-- Opening Marker --

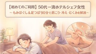 施術実績 【初めてのご利用】50代一流ホテルシェフ女性〜 もみほぐし&足つぼ90分で肩こり・冷え・むくみを徹底ケア 〜 11月に入り、朝晩は冷え込みが強まり、身体がこわばりやすい季節になりました。寒暖差によって血流が滞り、肩や背中の筋肉が硬くなる時期でもあります。そんな中で、日々ハードなお仕事をこなす方ほど、定期的なメンテナンスが大切です。 施術実績
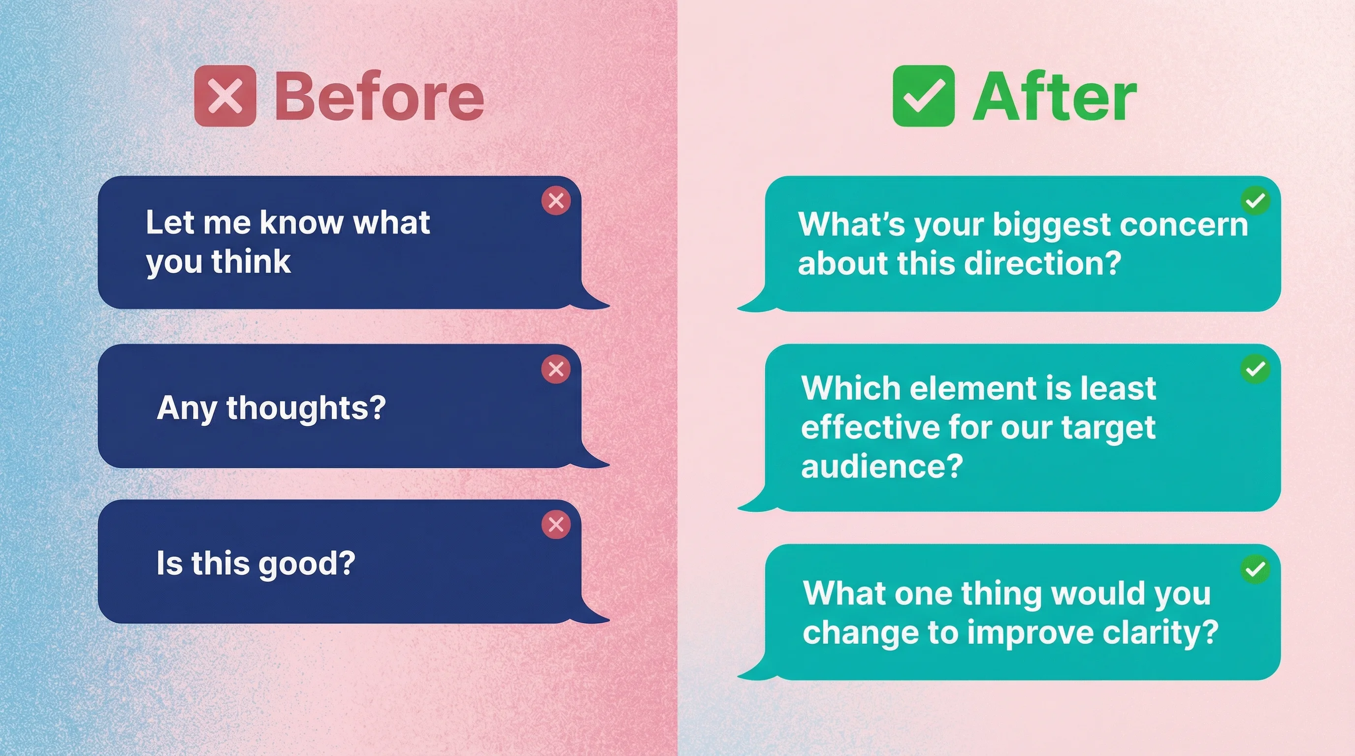 Structure prevents rambling and surfaces priorities. In one case study, a designer replaced a generic feedback email with a guided feedback questionnaire—4 out of 5 clients provided thorough responses, whereas previously many ignored the open-ended email entirely.
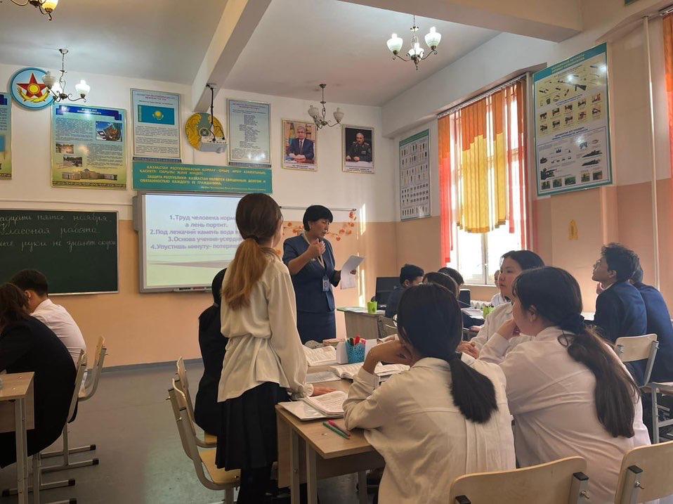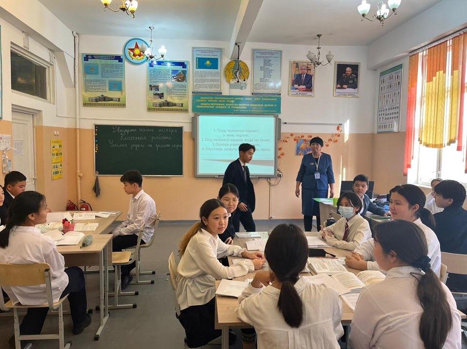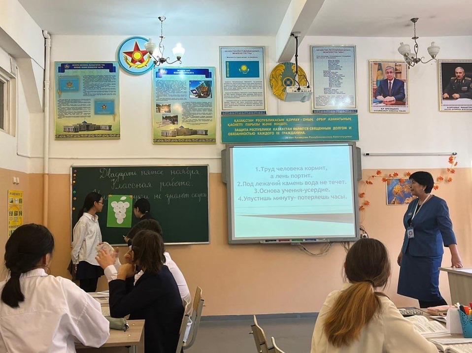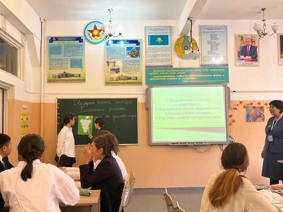 Семинардың үшінші бөлімі "Ашық сабақтар аллеясы". “Умелые руки не знают скуки” тақырыбында 8 ”А” сынып оқушыларына Мусабекова С.Т ашық сабақ өткізді.
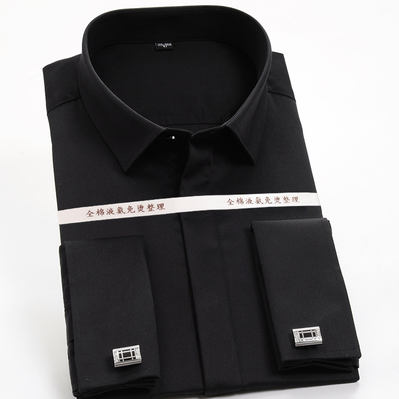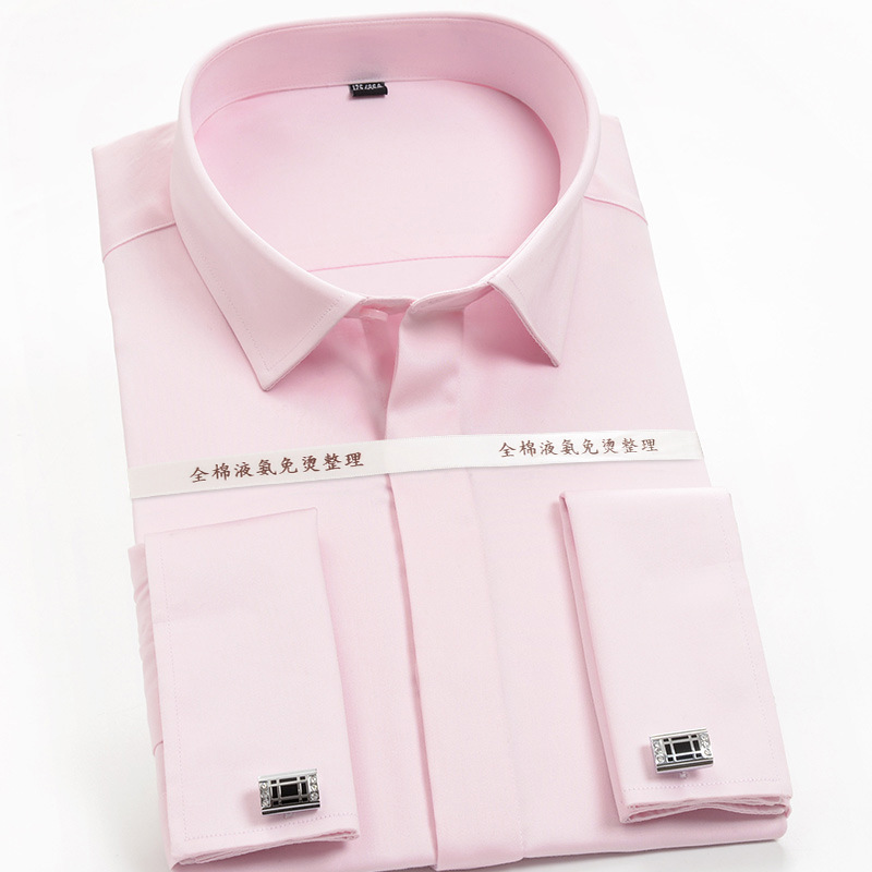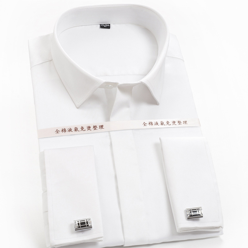 금빛 방패 프랑스 스타일 셔츠 남성용 긴팔 순면 슬림핏 비즈니스 정장 다림질 필요 없는 신랑 결혼식 셔츠 커프스 단추 포함 순면 흰색 셔츠스토어 가기
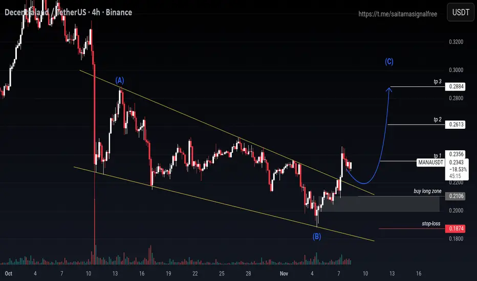 MANA/USDT 4H chart was previously in a descending channel (regular decline). Points (A) and (B) here illustrate a corrective pattern similar to the Elliott Wave ABC structure, where: (A) = corrective peak (B) = corrective bottom (strong support) The next logical target is (C), which is a rebound/relief rally. And indeed, a breakout from the descending channel has been seen, indicating the end of the downward phase and the market has entered the initial phase of an uptrend.
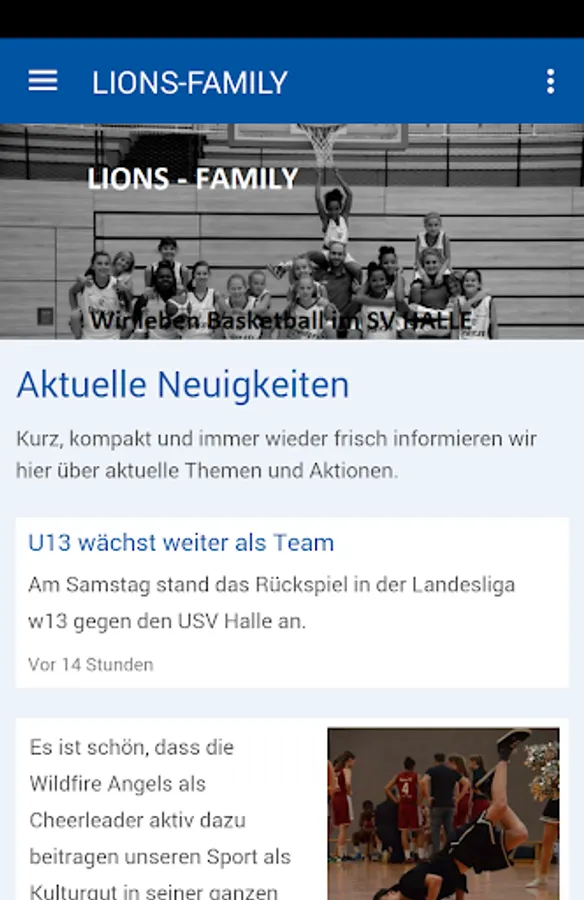 The Department of basketball SV Halle is represented with the LIONS in the 1st basketball league and played there for years a prominent role. In the most diverse age groups from nursery group to seniors Ü40 is played in the national leagues of Saxony-Anhalt, as well as in the junior league U17 (WNBL) Basketball. Life in Lions youth teams of SV Hall connected to the most recent results of all the teams is content of this app.
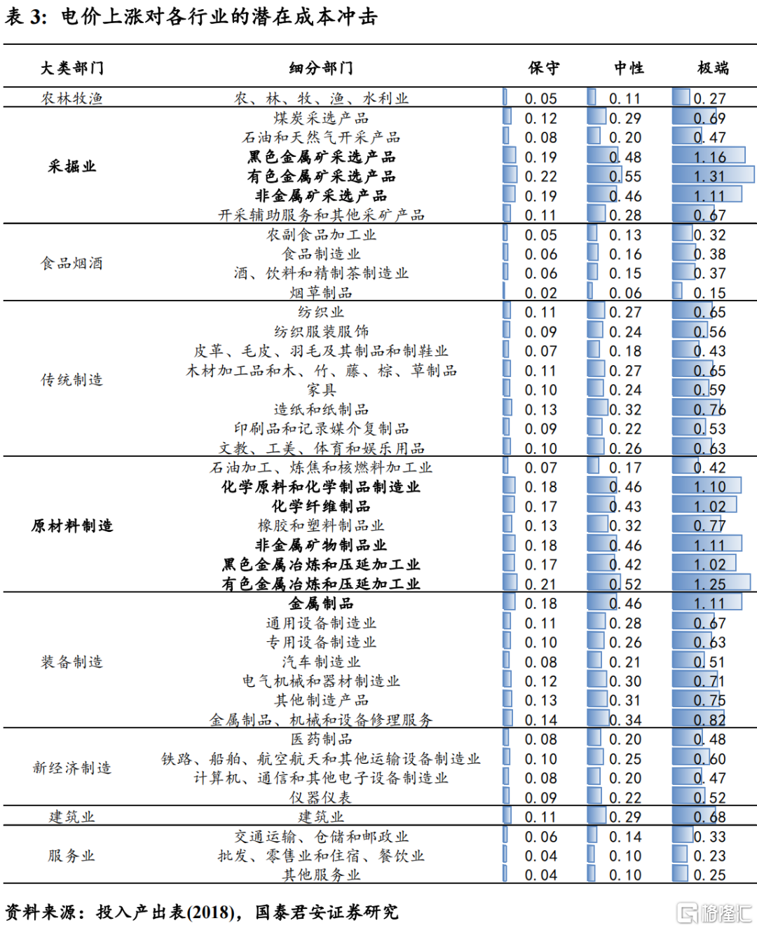 结合各行业的成本传导能力以及受到电价上涨的成本冲击,来判断电价对于利润分配格局的影响。我们重点讨论三种情况:
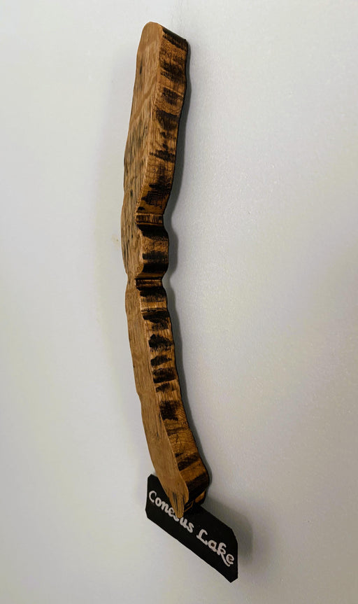 The shape of Conesus Lake has been carved out of oak barrel staves to create a rustic wall hanging. A rustic plaque has been attached displaying "C...

-- Closing Marker --

» **Your assignment**
Return all records exactly; no pictures.

» **Result for this task**
 施術実績 【初めてのご利用】50代一流ホテルシェフ女性〜 もみほぐし&足つぼ90分で肩こり・冷え・むくみを徹底ケア 〜 11月に入り、朝晩は冷え込みが強まり、身体がこわばりやすい季節になりました。寒暖差によって血流が滞り、肩や背中の筋肉が硬くなる時期でもあります。そんな中で、日々ハードなお仕事をこなす方ほど、定期的なメンテナンスが大切です。 施術実績
 Structure prevents rambling and surfaces priorities. In one case study, a designer replaced a generic feedback email with a guided feedback questionnaire—4 out of 5 clients provided thorough responses, whereas previously many ignored the open-ended email entirely.
 Семинардың үшінші бөлімі "Ашық сабақтар аллеясы". “Умелые руки не знают скуки” тақырыбында 8 ”А” сынып оқушыларына Мусабекова С.Т ашық сабақ өткізді.
 금빛 방패 프랑스 스타일 셔츠 남성용 긴팔 순면 슬림핏 비즈니스 정장 다림질 필요 없는 신랑 결혼식 셔츠 커프스 단추 포함 순면 흰색 셔츠스토어 가기
 MANA/USDT 4H chart was previously in a descending channel (regular decline). Points (A) and (B) here illustrate a corrective pattern similar to the Elliott Wave ABC structure, where: (A) = corrective peak (B) = corrective bottom (strong support) The next logical target is (C), which is a rebound/relief rally. And indeed, a breakout from the descending channel has been seen, indicating the end of the downward phase and the market has entered the initial phase of an uptrend.
 The Department of basketball SV Halle is represented with the LIONS in the 1st basketball league and played there for years a prominent role. In the most diverse age groups from nursery group to seniors Ü40 is played in the national leagues of Saxony-Anhalt, as well as in the junior league U17 (WNBL) Basketball. Life in Lions youth teams of SV Hall connected to the most recent results of all the teams is content of this app.
 结合各行业的成本传导能力以及受到电价上涨的成本冲击,来判断电价对于利润分配格局的影响。我们重点讨论三种情况:
 The shape of Conesus Lake has been carved out of oak barrel staves to create a rustic wall hanging. A rustic plaque has been attached displaying "C...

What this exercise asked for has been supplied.